Truffaut’nun mektupları, onun sadece bir sanatçı olarak değil, aynı zamanda bir insan olarak da ne kadar etkileyici bir figür olduğunu gösteriyor. Mektuplarında, dostluk, aşk, ölüm gibi kişisel konulara da değiniyor. Bu mektuplar, onun duygusal zekasının, empati yeteneğinin ve insanlara olan sevgisinin bir göstergesi.

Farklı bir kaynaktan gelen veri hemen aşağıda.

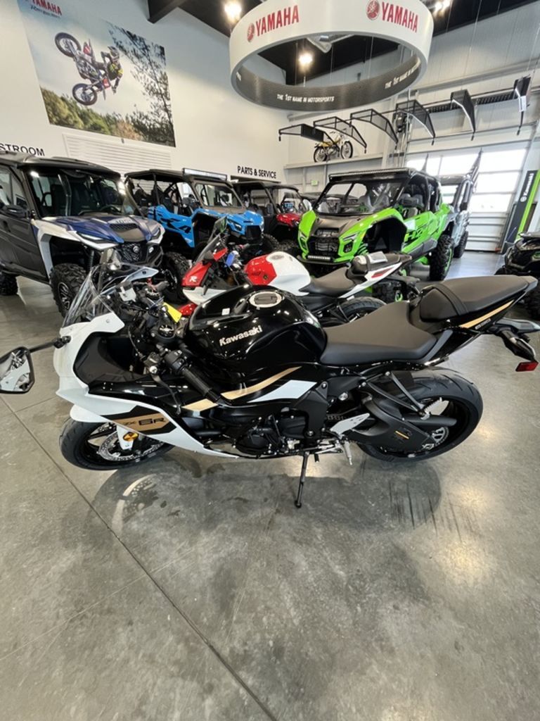 2026 Kawasaki Ninja® ZX™-6R HIGH-PERFORMANCE PRECISION Features may include: POWER FLEX ON THE STREET & TRACK Powered by a potent 636cc engine and advanced performance technology, the Ninja® ZX™-6R supersport motorcycle delivers legendary Ninja® power on and off the track. HANDLING PRECISION PERFECTED The Ninja® ZX™-6R motorcycle gets ahead of sharp turns with optimized engine performance across the entire rpm range, class-leading components, and advanced rider support technology. STYLING BEAUTIFULLY AGGRESSIVE The Ninja® ZX™-6R supersport motorcycle features smooth-flowing supersport styling with 3D interwoven bodywork. ADVANCED TECHNOLOGY HIGH-TECH SUPERSPORT Race DNA and advanced technology is what the Ninja® family is known for. So it comes as no surprise that the Ninja® ZX™-6R supersport bike features the advanced technology and performance you expect from a Ninja. ADDITIONAL: Distinct Ninja® Styling Kawasaki Intelligent anti-lock Brake System (KIBS) TFT Color Instrumentation All-LED lighting Pressed-aluminum perimeter frame Pirelli Diablo™ Rosso IV tires

Truffaut’nun mektupları, onun mirasını anlamak için vazgeçilmez bir kaynak. Bu mektuplar, onun sinema sanatına olan tutkusunu, zekasını, yaramazlığını ve insanlığını gözler önüne seriyor. Truffaut’nun mektupları, sinema tarihinin en önemli belgelerinden biri olarak kabul ediliyor ve gelecek nesiller için ilham kaynağı olmaya devam ediyor. Onun mektuplarındaki samimiyet, zeka ve sinemaya olan tutku, okuyucuyu derinden etkiliyor ve Truffaut’nun dünyasına çekiyor. Bu yazışmalar, sinema tarihine ışık tutmanın yanı sıra, insan ilişkilerinin derinliğini ve sanatın gücünü de gözler önüne seriyor. Truffaut’nun mirası, sadece filmleriyle değil, aynı zamanda mektuplarıyla da yaşamaya devam ediyor.